Gene set enrichment analysis
Gene set enrichment analysis (GSEA) was applied to the mass spectrometry data. Briefly, missing values of mass spectrometry data were imputed and log2 fold changes of protein expression were computed for every protein and for all three 5’isomiR-183-5p compared to the control group. Protein identifiers were linked to the encoding genes for further downstream analyses. Gene set enrichment analysis was performed on the pre-ranked gene list using the Hallmark Gene Set Collection (version 7.3), a weighted enrichment statistic and default parameters of GSEA software [36–38]. The analyses were summarized in a bubble heatmap depicting the normalized enrichment score (NES) and the false discovery rate (q-value). To show individual GSEA graphs, we used an adapted version of the replotGSEA function from the Rtoolbox (https://github.com/PeeperLab/Rtoolbox) to re-arrange the output of the GSEA tool.
Gene set enrichment analysis of TNBC patients from TCGA and METABRIC datasets was performed to investigate the correlation between isomiR expression and the activity of the E2F and other pathways in these patients, again using the Hallmark Gene Set Collection [38]. To address this, batch-corrected expression of the respective isomiR (TCGA data) or microarray-based expression values for miR-183-5p (METABRIC data) were converted to ranks across patients and used as parameter. Ranked mRNA expression data were used as an input file. The collection of Hallmark gene sets was used [38]. Thereby, Spearman correlation coefficients between isomiR/miR and genes were used as a ranking metric and 1000 permutations were performed by phenotype to assess statistical significance. The results were visualized in a bubble heatmap depicting the normalized enrichment score (NES) and the false discovery rate (q-value).

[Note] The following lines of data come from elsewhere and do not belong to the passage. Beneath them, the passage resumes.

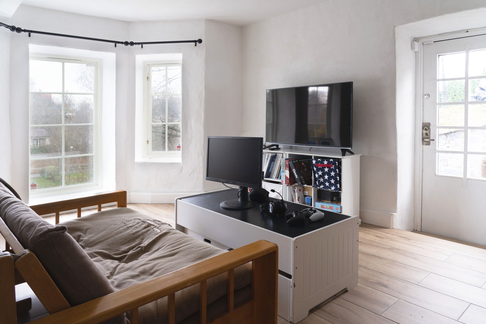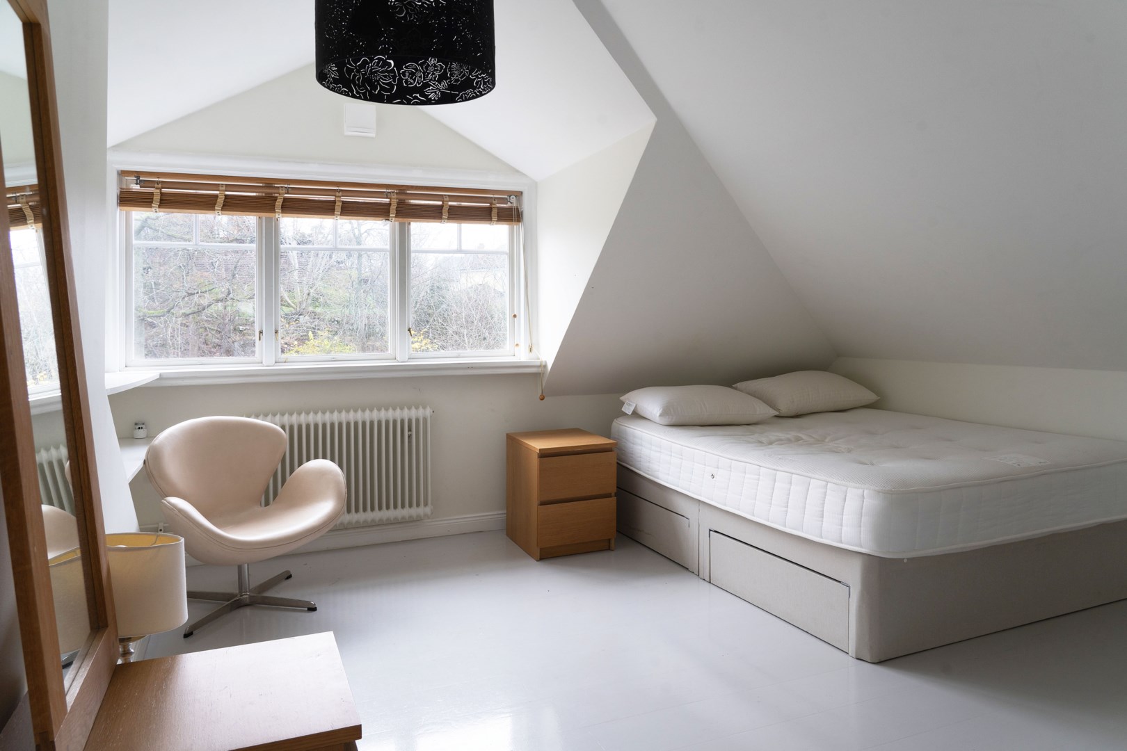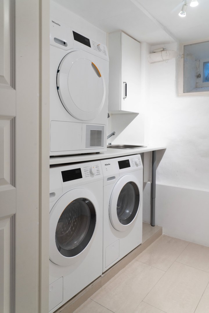 Inredd vind med ett kontor/ sovrum vilket har utsikt mot vattnet likväl som läshörnan i hallen utanför. Ytterligare ett sovrum samt badrum på detta plan. Källarplan med ett lekrum/ spelrum eller att användas som gym och härifrån en egen utgång till trädgården, och med stenlagd mur och mark. Dusch och bastu intill samt tvättstuga med två tvättmaskiner och en torktumlare. Groventré med goda förvaringsmöjligheter och här även ett gästrum med öppen spis, ej använd av nuvarande ägare. Wc renoverat i samma stil som gästtoaletten i i entréplan. Pannrum med bergvärmepump i källarplanet.
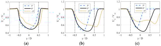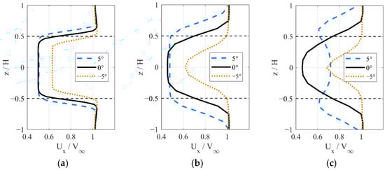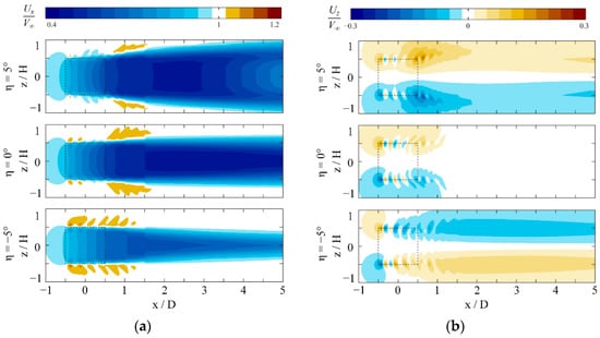 As for flow fields on x–z planes, distinct differences can be seen in the contours of Figure 16. For streamwise velocities, as is mentioned before, maximum velocity deficits are close under conditions of and 0°, greater than those with . The vertical breadth of deficits with becomes larger in the wake while that with slightly decreases (Figure 17), which can be explained by vertical velocities. Flows with are from equators to both sides in the vertical planes, resulting in the spread of deficits, and flows with are in the opposite direction, narrowing the range of variables. The phenomena can also be seen for turbulence kinetic energy and vorticities. In addition, under conditions of and −5°, minimum streamwise velocity recovery in the wake is on the equators, which is quite different with . Obvious velocity acceleration is seen outside of blade tips in the fore half with . Lateral velocities with are in the opposite direction to those with because of the trailing tip vortices of blades in the opposite direction.
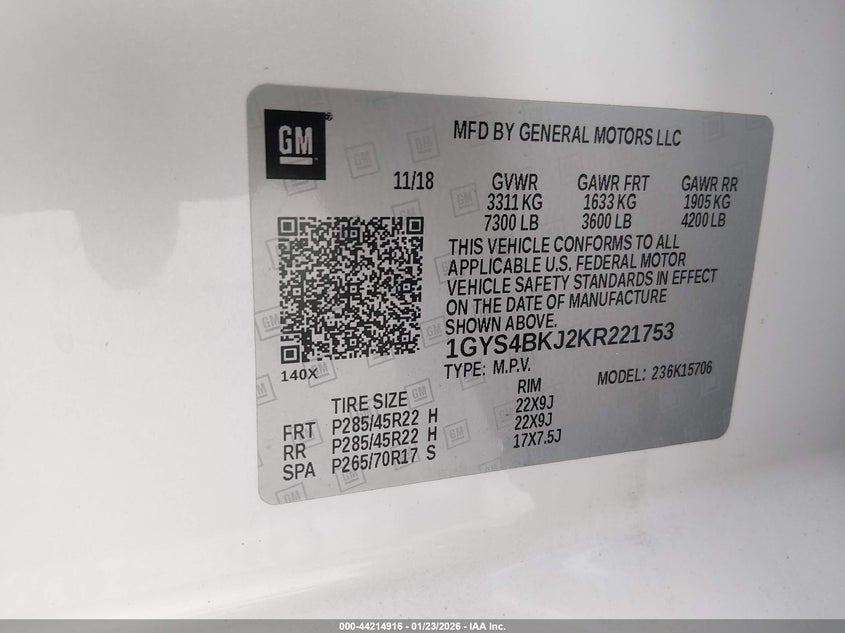 VIN: 1GYS4BKJ2KR221753
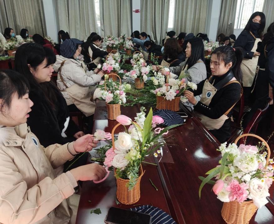 女职工们正在亲手制作花篮
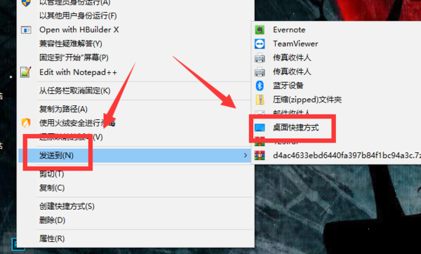2、在展开的菜单中点击“发送到”按钮,然后点击“桌面快捷方式”按钮将任务栏上的图标发送到桌面上:
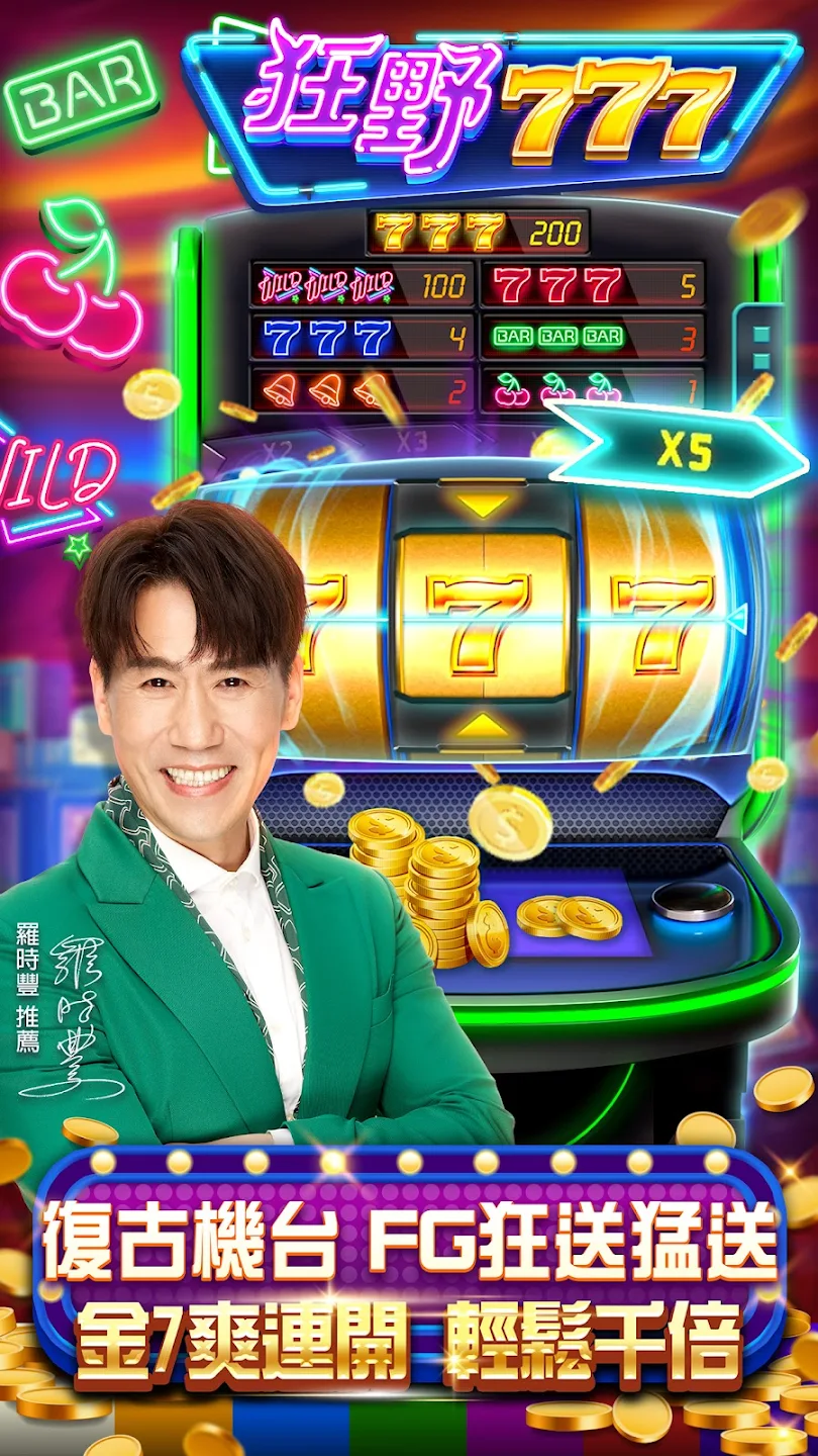 - 狂野777:經典復古機台,免費重轉狂送猛送,金7連開,獎金瘋狂翻倍。
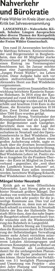WZ 24. 11. 2017 "Nahverkehr und Bürokratie"

Graphical illustration and statistical analysis
For analyses performed in R, we used R version 4.0.2 or 4.0.3 (R Core Team 2020. R: A language and environment for statistical computing. R Foundation for Statistical Computing, Vienna, Austria. URL https://www.R-project.org/) and RStudio (RStudio Team, 2020. RStudio: Integrated Development Environment for R. RStudio, PBC, Boston, MA. URL http://www.rstudio.com/). Graphs were either generated using base R or using ggplot2 (version 3.3.3) [39] if not stated differently.
For heatmap visualization of the z-scaled mass spectrometry results, the pheatmap package (version 1.0.12) [40] was used. Distance measures between rows were calculated by the Pearson correlation coefficient and clusters were compared by complete linkage.
If not mentioned differently, data are presented as mean ± SD. Statistical analysis was performed by two-tailed Student’s t-test using GraphPad Prism (version 9.3.0) and p-values < 0.05 were considered statistically significant. p-value < 0.05, < 0.01 and < 0.001 are indicated with one, two and three asterisks respectively.